If you’re tanking, you also want to keep Behemoth away from the comets after they land. His physical attacks can break the stones. That can ultimately lead to your entire party wiping because of his next attack…

Ecliptic Meteor

This is Behemoth’s final, most powerful attack. The camera will pull back to reveal a portal in the sky that drops a massive meteor. Anyone in the combat area not standing behind a comet to block the impact will die instantly. That’s why the boulders are so important.
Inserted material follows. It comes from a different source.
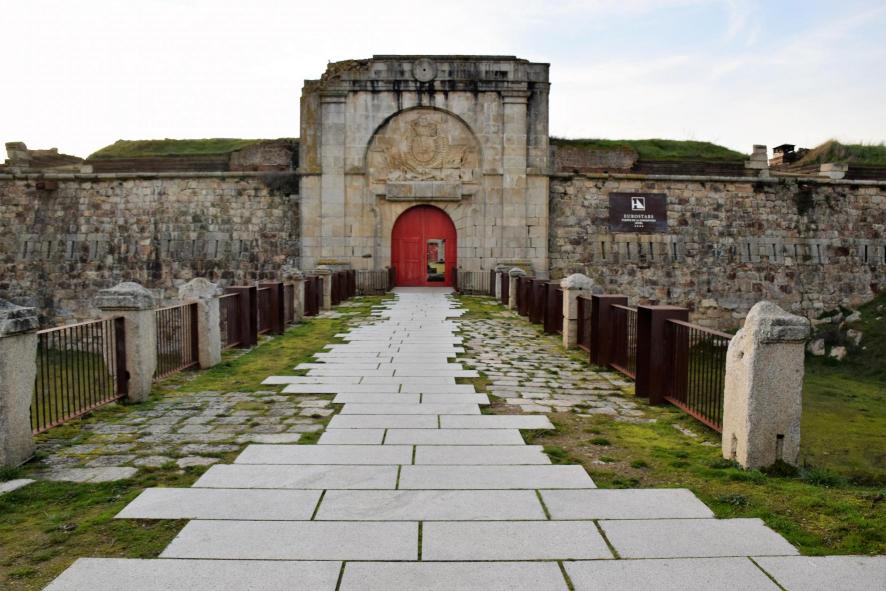 Entrada al fuerte de Aldea del Obispo en la raya con Portugal, en Salamanca, haciendo juego... de guerra con el fuerte de Almeida, del lado portugués... Duras piedras, claros símbolos heráldicos sinónimos de ideas firmes. No me agradan esas lanchas modernas pulimentadas que intentan remediar los estragos del tiempo. No parece conveniente echar vino nuevo en odres viejos... Hay que dejar espacio para la ensoñación... mejor talvez sea no poner nada... o en todo cso, piedrass como las de muestra que...

Behemoth typically drops Ecliptic Meteor just before moving on to the next phase of the fight. If he starts using Comet more frequently, that’s your cue that he’s about to leave his parting gift. Crucially, though, this applies to the final phase of the hunt as well. Behemoth drops a final Ecliptic Meteor just before he dies. If the team runs out of deaths at that point, even if Behemoth dies a second later, it doesn’t matter. You’ll still lose and miss out on the rewards.

Hiding behind comets is the best way to avoid instant death. There is, however, one last-ditch trick to dodge it without the rocks. You can use the Final Fantasy XIV jump emote, which you received earlier in the quest-line, to dodge Ecliptic Meteor.

The timing is tricky, but absolutely manageable if you equip the emote to your item wheel and hold it at the ready. Try to launch the jump just before the meteor hits the ground. When you see the Ecliptic Meteor reach head height with Behemoth, that’s your cue to launch.

Seriously, though… Try to use the comets. Nobody wants to lose to one of the toughest creatures in the game when he’s already dead. Once you do dodge that death knell, however, it’s time to celebrate! You’ve finally killed Behemoth. Don’t forget to carve him for materials—which you can put towards the amazing Estinien-themed gear from Final Fantasy XIV.